Large employers are being even tighter with their budgets when it comes to their healthcare spend and, as Edmund Tirbutt reports, are crying out for some innovative thinking
It always comes as something of a relief when the major players in a murky area agree on most of the main trends and developments, as is currently the case in the large private medical insurance (PMI) market – for schemes with over 1,000 members. The field so lacks objective research or indeed any other attempt at transparency that there is little any journalist can do to shed much light on hotly contested claims or accusations.
Point of agreement number one among the major providers and intermediaries is that virtually all employers at this end of the market are seeking to squeeze every last ounce of value out of their scheme arrangements, and they are increasingly being assisted in their task at renewal by professional procurement departments – who have brought a whole new focus to addressing inefficiencies and assessing costs.
Nevertheless, point of agreement number two is that, unlike in the SME market, this appetite for penny pinching virtually never results in schemes being cancelled and rarely sees them even switch provider.
Stuart Scullion, sales and marketing director at national specialist intermediary The Private Health Partnership, says: “There are not many switches at this end but a point in negotiations is often reached when the insurer won’t go down any further and, at that point, in our experience the employer normally stays. The most dramatic approach we’ve had has been from a few very hard up large schemes that have reduced the numbers of employees eligible. In the SME market, on the other hand, we have some clients who will switch to save £100 a year in premium.”
The furthest that most employers have been going has been to tweak benefits. Those willing to tolerate excesses have in some cases been prepared to increase them marginally, most commonly from £100 to £150. Others have been prepared to limit outpatient cover to £1,000 or £1,500 or to switch from using hospital list A to list B or C – or to keep list A or B for executives and relegate the remainder to list C.
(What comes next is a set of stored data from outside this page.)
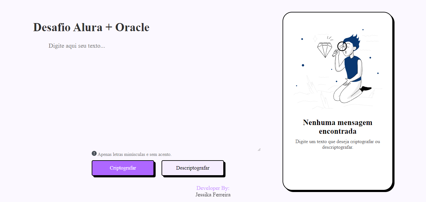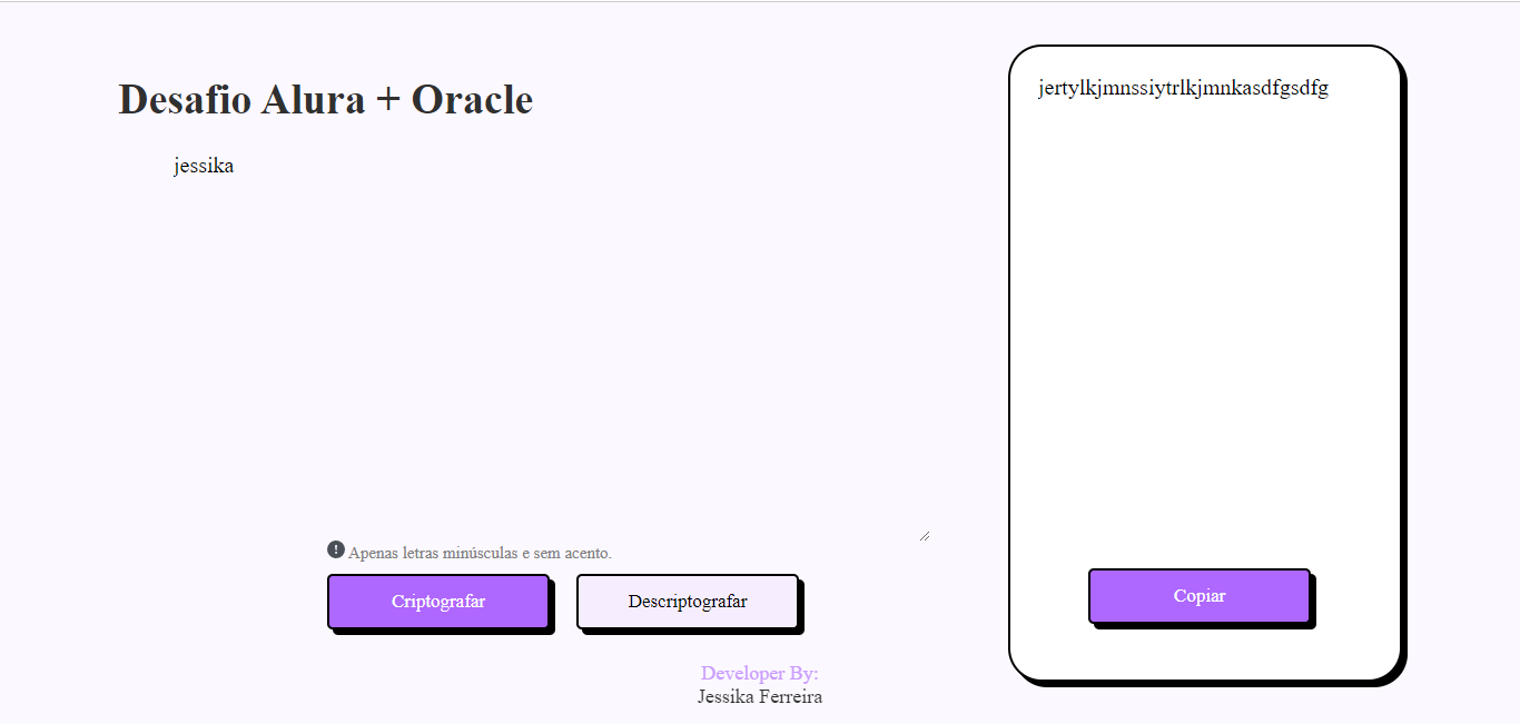 1º desafio da jornada #OracleONE, a proposta do desafio consiste em criar um decodificador para criptografar e descriptografar mensagens de texto. Na página existe uma tag textarea para entrada e outra para saída de textos. O usuário digita um texto qualquer na área de entrada e clica no botão criptografar, e a mensagem irá ser criptografada e o resultado será exibido na tag textarea de saída, junto com um botão copiar, para copiar o texto para a área de transferência, sendo possível fazer o caminho inverso, de descriptografar.
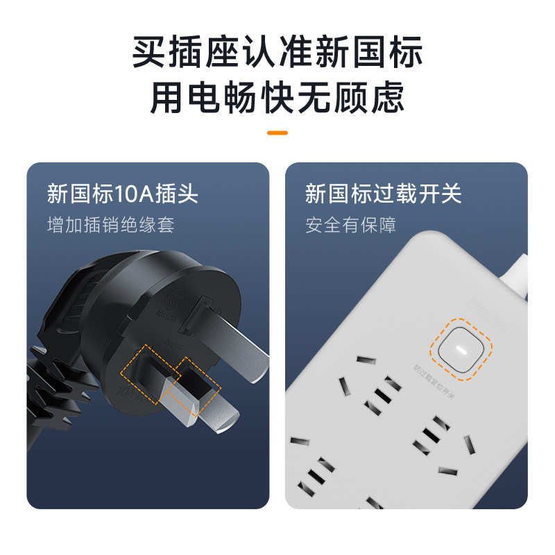 新国标插座插排电磁炉空调拖接线板插座转换器带长线家用无线插座
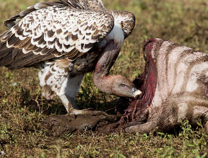 Click on the picture below to watch short video of how intensely they feed alongside a hyenaVultures eating

Paul Moulton, director of sales and client relationships at insurer AXA PPP healthcare, says: “At the large end we have had no-one cancelling but we have seen the same thing happening everywhere in that the number of lives covered has declined marginally. There was a flurry of redundancies in late 2008 to early 2009 and now it’s more a question of not replacing leavers, so we’ve probably only been seeing a 2% to 3% drop in scheme numbers over the last year.
“Rebroking at this end of the market has traditionally taken place every three years but now some employers are doing it annually and others biannually. There is a definite trend towards putting large PMI schemes into flex arrangements, as opposed to cancelling them, and giving employees the option to upgrade and, less commonly downgrade, from a core level of cover.”